The Charter of Fundamental Rights and Freedoms (Listina základních práv a svobod, Listina základných práv a slobôd) is a document enacted in 1991 by the Czechoslovak Federative Republic and currently continued as part of the constitutional systems of both the Czech Republic and Slovak Republic.

==Differences in the successor states of Czechoslovakia==

In the Czech Republic, the document was kept in its entirety as a separate document from the constitution, but imbued with the same legal standing as the constitution. It is a part of the Constitutional Code of the Czech Republic – a sum of constitutional laws and other sources of law, explicitly named in the constitution – that possesses the highest level of legal force.

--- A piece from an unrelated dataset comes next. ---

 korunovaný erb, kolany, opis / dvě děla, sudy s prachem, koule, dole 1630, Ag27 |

In Slovakia, the basic provisions of the Charter were integrated directly into the Slovak constitution. Though these legal provisions articles are substantively the same, there are some differences, such as the Slovak contention that "the privacy of correspondence and secrecy of mailed messages and other written documents and the protection of personal data are guaranteed."

The inclusion of the goals of the Charter directly into the Slovak constitution means that only the Czech Republic currently has a "Charter of Fundamental Rights and Basic Freedoms".

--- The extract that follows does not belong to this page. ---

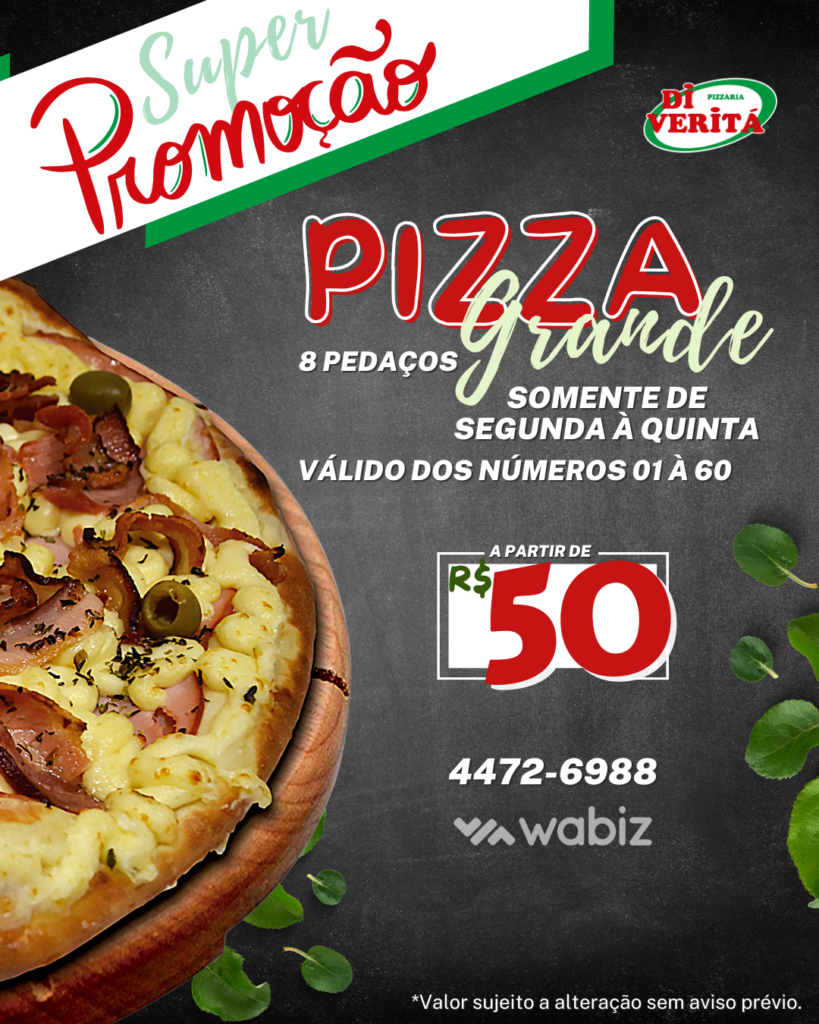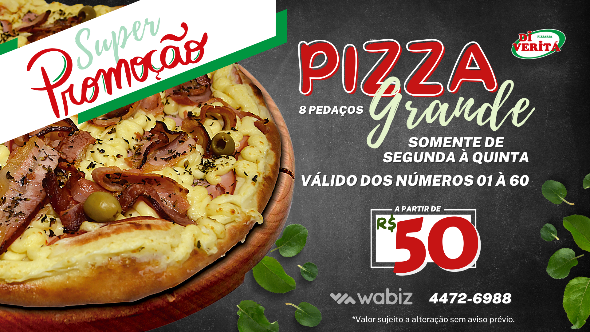 Bem-vindo à Di Veritá, a pizzaria que desde 1987 encanta paladares com pizzas de qualidade a preços acessíveis. Oferecemos entrega rápida em até 5 km, sempre mantendo o sabor e a frescura dos nossos produtos. Nos atualizando sempre para aprimorar ainda mais nossa eficiência.

==Creation of the Czech Constitution==

An agreement was signed after the negotiations of the prime ministers Václav Klaus and Vladimír Mečiar on in August 1992, that set the date of the dissolution of Czechoslovakia to 31 December 1992. The dissolution was approved by the Parliament in November of the same year.

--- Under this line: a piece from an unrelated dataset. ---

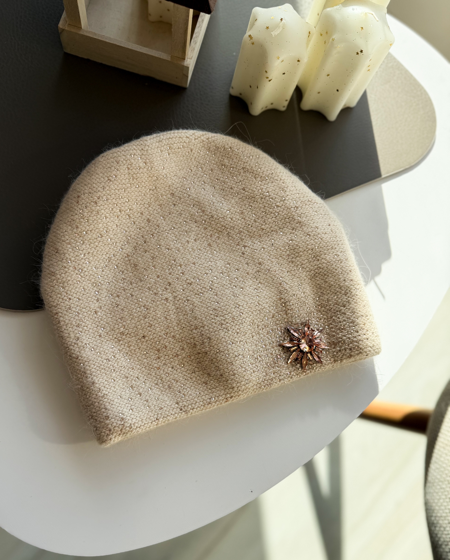 Елегантна шапка с камъни в цвят екрю - Добавете блясък към вашия зимен стил!

Because of an opposition from the Civic Democratic Alliance (ODA), the Civic Democratic Party (ODS) and especially the prime minister Klaus – who described the Charter as "the weeds of the Constitution" – the Charter never became a part of the Constitution. The time was running out and the members of the parliament had to reach an agreement on the text of the new Czech Constitution. Because of that a new legal term Constitutional Code was created, so that the Charter could have a legal authority similar to the constitution without being a part of the constitution. Viktor Knapp – a distinguished Czech lawyer – called this at the time "a result of a strange legislative compromise".

==Amendments to the Charter==
===First Amendment (1998)===
The Charter was first amended by the Constitutional Act No. 162/1998 Coll., which changed the length of possible police detention without charges. The Article 8(3) of the Charter originally allowed the police to detain a person for questioning for up to 24 hours, after which time the person must be either released or charged and handed over to a court with request for remand. This was amended in 1998 to allow up to 48 hours of police detention without charges.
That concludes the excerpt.